Han Qingbin, Ma Jialin
School of Computer and Software Engineering, Huaiyin Institute of Technology, Huaian, 223003, Jiangsu, China.
Sci Rep. 2024 Mar 6;14(1):5564. doi: 10.1038/s41598-024-56166-3.
Chinese is characterized by high syntactic complexity, chaotic annotation granularity, and slow convergence. Joint learning models can effectively improve the accuracy of Chinese Named Entity Recognition (NER), but they focus too much on local feature information and reduce the ability of long sequence feature extraction. To address the limitations of long sequence feature extraction ability, we propose a Chinese NER model called Incorporating Recurrent Cell and Information State Recursion (IRCSR-NER). The model integrates recurrent cells and information state recursion to improve the recognition ability of long entity boundaries. To solve the problem that Chinese and English have different focuses in syntactic analysis. We use the syntactic dependency approach to add lexical relationship information to sentences represented at the word level.

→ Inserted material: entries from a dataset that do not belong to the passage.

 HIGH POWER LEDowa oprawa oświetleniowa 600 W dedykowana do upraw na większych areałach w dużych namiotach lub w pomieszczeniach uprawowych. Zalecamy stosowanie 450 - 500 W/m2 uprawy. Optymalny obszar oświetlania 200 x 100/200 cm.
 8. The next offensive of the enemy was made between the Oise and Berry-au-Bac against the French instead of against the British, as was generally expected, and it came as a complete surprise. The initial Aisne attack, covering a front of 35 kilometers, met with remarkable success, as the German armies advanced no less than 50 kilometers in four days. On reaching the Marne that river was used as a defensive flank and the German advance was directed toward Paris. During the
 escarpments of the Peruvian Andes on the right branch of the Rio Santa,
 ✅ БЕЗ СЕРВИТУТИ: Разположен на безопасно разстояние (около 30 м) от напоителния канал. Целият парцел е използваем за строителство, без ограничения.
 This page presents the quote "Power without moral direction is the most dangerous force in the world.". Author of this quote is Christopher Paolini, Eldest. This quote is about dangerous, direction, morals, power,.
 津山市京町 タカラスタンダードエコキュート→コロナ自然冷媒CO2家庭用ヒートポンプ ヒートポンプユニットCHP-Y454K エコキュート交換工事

The IRCSR-NER is applied to sequence feature extraction to improve the model efficiency and long-text feature extraction ability. The model captures contextual long-distance dependent information while focusing on local feature information. We evaluated our proposed model using four public datasets and compared it with other mainstream models. Experimental results demonstrate that our model outperforms traditional and mainstream models.
中文具有句法复杂度高、标注粒度混乱和收敛速度慢的特点。联合学习模型可以有效提高中文命名实体识别(NER)的准确率,但它们过于关注局部特征信息,降低了长序列特征提取的能力。为了解决长序列特征提取能力的局限性,我们提出了一种名为“整合循环单元与信息状态递归”(IRCSR-NER)的中文NER模型。该模型整合了循环单元和信息状态递归,以提高长实体边界的识别能力。为了解决中文和英文在句法分析上重点不同的问题,我们使用句法依存方法为词级表示的句子添加词汇关系信息。IRCSR-NER应用于序列特征提取,以提高模型效率和长文本特征提取能力。该模型在关注局部特征信息的同时,捕捉上下文长距离依赖信息。我们使用四个公共数据集对我们提出的模型进行了评估,并将其与其他主流模型进行了比较。实验结果表明,我们的模型优于传统模型和主流模型。